We will have broad discretion in how we use our existing cash. We may not use our existing cash effectively, which could affect our results of operations and cause our stock price to decline.
We will have considerable discretion in the application of our existing cash, including the net proceeds from our IPO. We expect to use our existing cash to fund research and development activities and for working capital and general corporate purposes, including funding the costs of operating as a public company. We may use these proceeds for purposes that do not yield a significant return or any return at all for our stockholders. In addition, pending their use, we may invest our cash resources in a manner that does not produce income or that loses value.
The requirements of being a public company may strain our resources and divert managements attention.

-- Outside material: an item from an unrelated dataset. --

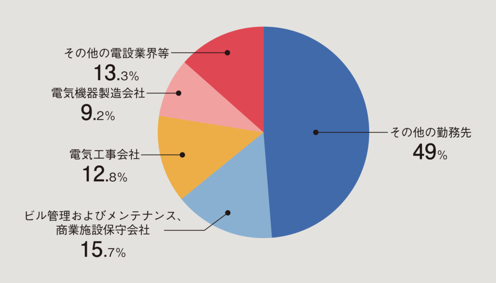 一般財団法人 電気技術者試験センターが公表している「電気技術者試験受験者実態調査」によると、令和4年度の受験者の属性は就業者数が現役の学生数の10倍以上となっている。このうち、就業者の勤務先は図1に示すとおりで、実に、大半の受験者が仕事に携わりながら受験勉強をしているのだ。また、電気以外の業種からのチャレンジャーも多いことがわかるだろう。

As a public company, we have incurred, and will continue to incur, significant legal, insurance, accounting and other expenses that we did not incur as a private company. In addition, laws, regulations and standards applicable to public companies relating to corporate governance and public disclosure, including the Sarbanes-Oxley Act and related regulations implemented by the SEC and The NASDAQ Stock Market, impose various requirements on public companies, increasing legal and financial compliance costs and making some activities more time consuming. These laws, regulations and standards are subject to varying interpretations, and could result in continuing uncertainty regarding compliance matters and higher costs necessitated by ongoing revisions to disclosure and governance practices. We have invested, and intend to continue to invest, resources to comply with new and evolving laws, regulations and standards applicable to public companies, and this investment will result in increased general and administrative expenses and may divert managements time and attention from product development activities. If our efforts to comply with new laws, regulations and standards differ from the activities intended by regulatory or governing bodies due to ambiguities related to practice, regulatory authorities may initiate legal proceedings against us and our business may be harmed. Further, stockholder activism in public companies, the political climate, and the risk of governmental or regulatory proceedings could make it more expensive for us to secure and maintain director and officer liability insurance, and we may be required to accept reduced coverage or incur substantially higher costs to maintain coverage. These factors could also make it more difficult for us to attract and retain qualified members of our board of directors, particularly to serve on our audit committee and compensation committee, and qualified executive officers.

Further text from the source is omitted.